Way back at the start of the process, inside your connection string, you can embed one of these weird lisp-like strings directly.

Instead of

User Id=scott;Password=tiger;Data Source=bbSales12

You can have:

User Id=scott;Password=tiger;Data Source=
    (DESCRIPTION= 
        (ADDRESS= (PROTOCOL=tcp)(HOST=bb12Sales-server3)(PORT=1521))
        (CONNECT_DATA= 
        (SERVICE_NAME=sales.us.acme.com)))

How's that for a snappy connection string that rolls off the tongue. In official parlance what we've done is add a "connect descriptor" to our connection string.

Now you must be wondering.... what other syntaxes can this Oracle connection string withstand?

The answer is "pretty much all of them."

As an attempt at irony the wise folk of Oracle invented something called "the Easy Connect Naming Method".

This lets you specify a Data Source like this:

//host:[port]/[service_name]

For example:

"user id=scott;password=tiger;data source=//bb12Sales-server3:1521/sales.us.acme.com"

Now that looks much simpler doesn't it? Why am I stating that this is ironic? Because of this little footnote from the documentation:

Prior to using the easy connect naming method, make sure that EZCONNECT is specified by the NAMES.DIRECTORY_PATH parameter in the sqlnet.ora file.

This introduces the "sqlnet.ora" file which is also searched for in the TNS_ADMIN folder.

Inside that file, if you specify

NAMES.DIRECTORY_PATH= (TNSNAMES, EZCONNECT)

...then you'll be able to use "the Easy Connect Naming Method".

If you're brave you can also add LDAP and ONAMES into the mix. But that's outside the scope of this rant.

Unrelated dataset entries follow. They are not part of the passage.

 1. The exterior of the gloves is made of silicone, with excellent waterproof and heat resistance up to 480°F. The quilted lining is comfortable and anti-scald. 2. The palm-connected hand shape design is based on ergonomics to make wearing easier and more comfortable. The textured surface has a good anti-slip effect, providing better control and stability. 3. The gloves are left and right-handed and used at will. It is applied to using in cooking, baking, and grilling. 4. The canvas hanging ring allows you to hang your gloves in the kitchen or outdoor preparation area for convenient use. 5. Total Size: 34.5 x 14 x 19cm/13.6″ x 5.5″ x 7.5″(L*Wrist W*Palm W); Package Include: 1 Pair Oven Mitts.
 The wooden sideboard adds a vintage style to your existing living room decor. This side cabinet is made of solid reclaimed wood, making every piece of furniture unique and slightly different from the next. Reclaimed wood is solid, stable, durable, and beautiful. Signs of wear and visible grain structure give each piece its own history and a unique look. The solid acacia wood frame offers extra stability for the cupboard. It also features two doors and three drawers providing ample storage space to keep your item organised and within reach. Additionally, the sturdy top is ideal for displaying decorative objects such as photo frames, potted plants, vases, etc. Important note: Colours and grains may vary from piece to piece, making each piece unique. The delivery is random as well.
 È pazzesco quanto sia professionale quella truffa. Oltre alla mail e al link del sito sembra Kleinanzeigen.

This EZCONNECT syntax really is a bit easier than the alternatives, so I don't think their attempt at ironic naming was a complete success ;).

Oracle Home.

Now I mentioned that some people will tell you that tnsnames.ora is located in ORACLE HOME\NETWORK\ADMIN

I'll cover what that means, but first I have to tell you, No! tnsnames.ora is not necessarily located in ORACLE HOME\NETWORK\ADMIN. It can be located anywhere! That's what the TNS_ADMIN environment variable is for: for allowing it to be located anywhere, irrespective of where "ORACLE HOME" is. (Your friendly system admins may locate tnsnames.ora on a network drive where it is easier to administer en-masse.)

Now what is this "Oracle Home" business, hmm?

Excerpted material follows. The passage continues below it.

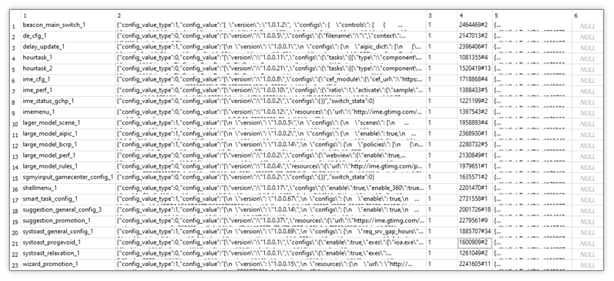 上图为分析测试场景下的云控配置与本地数据库对应关系图,下图为搜狗输入法真实用户场景下的云控配置对应的数据库图,其中 smart_task_config_1 所对应的 JSON 数据内包含推广模块下载地址。
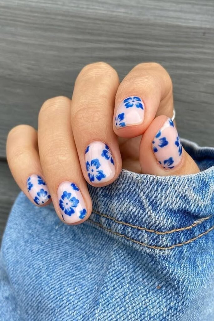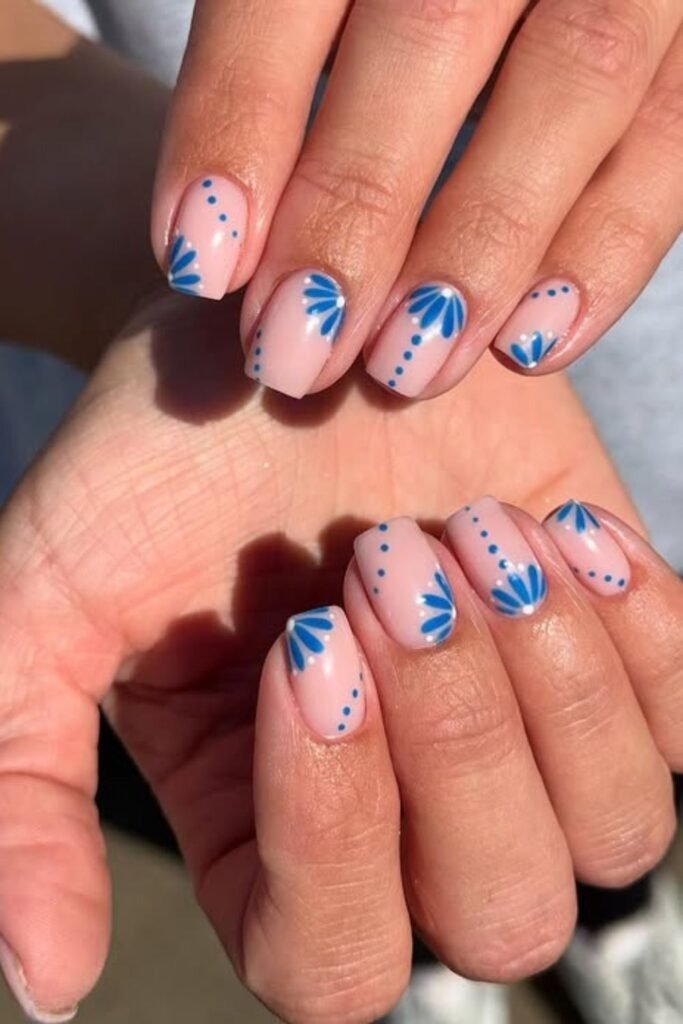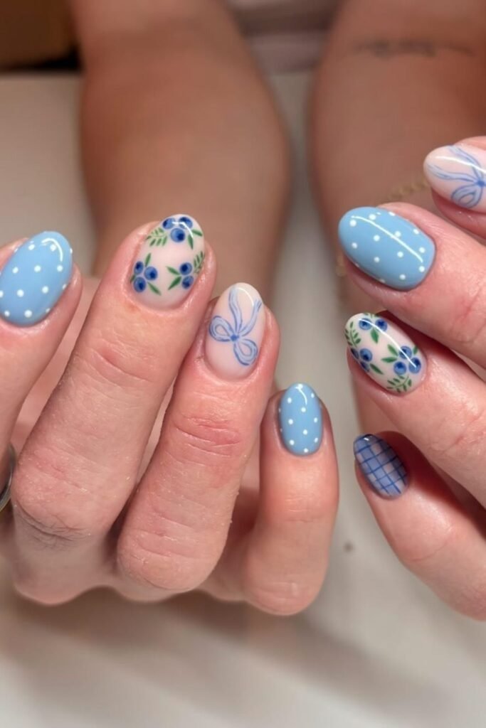 Cottagecore blue nails use soft blue shades with tiny floral or dot details. The base stays light, and the art feels hand-painted. Nothing looks sharp or perfect.

That is the third mirror down the first hallway on the right. It is a dead end. But I will tell you about it anyway.

When (or rather "if, against all common sense") you installed Oracle, it will have been installed into a location that it refers to as the "Oracle Home".

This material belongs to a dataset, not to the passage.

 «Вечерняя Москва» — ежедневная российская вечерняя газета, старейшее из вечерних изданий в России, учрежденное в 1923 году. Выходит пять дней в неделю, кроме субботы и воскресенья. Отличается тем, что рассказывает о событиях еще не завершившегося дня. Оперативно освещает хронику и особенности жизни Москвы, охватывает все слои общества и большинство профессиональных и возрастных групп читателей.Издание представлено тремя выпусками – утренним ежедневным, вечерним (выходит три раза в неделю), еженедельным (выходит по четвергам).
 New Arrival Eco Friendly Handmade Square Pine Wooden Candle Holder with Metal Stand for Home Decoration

It's possible that there is an environment variable called "ORACLE_HOME". But failing that -- the value of "Oracle Home" may be stored in the registry.

Where in the registry, exactly? Any one of these places my poor dear friend.

HKEY_LOCAL_MACHINE\SOFTWARE\ORACLE
HKEY_LOCAL_MACHINE\SOFTWARE\ORACLE\HOMEID
HKEY_LOCAL_MACHINE\SOFTWARE\ORACLE\ALL_HOMES
HKEY_LOCAL_MACHINE\SYSTEM\CurrentControlSet\Services

But as long as TNS_ADMIN is set correctly, you don't need to worry about those registry entries, or the absence of an ORACLE_HOME environment variable.

Okay, that's all I wanted to say about Oracle connection strings. In order to cleanse your mind of this horrible mess, I suggest you learn about how .net locates an assembly at runtime or look into error handling with asp.net MVC.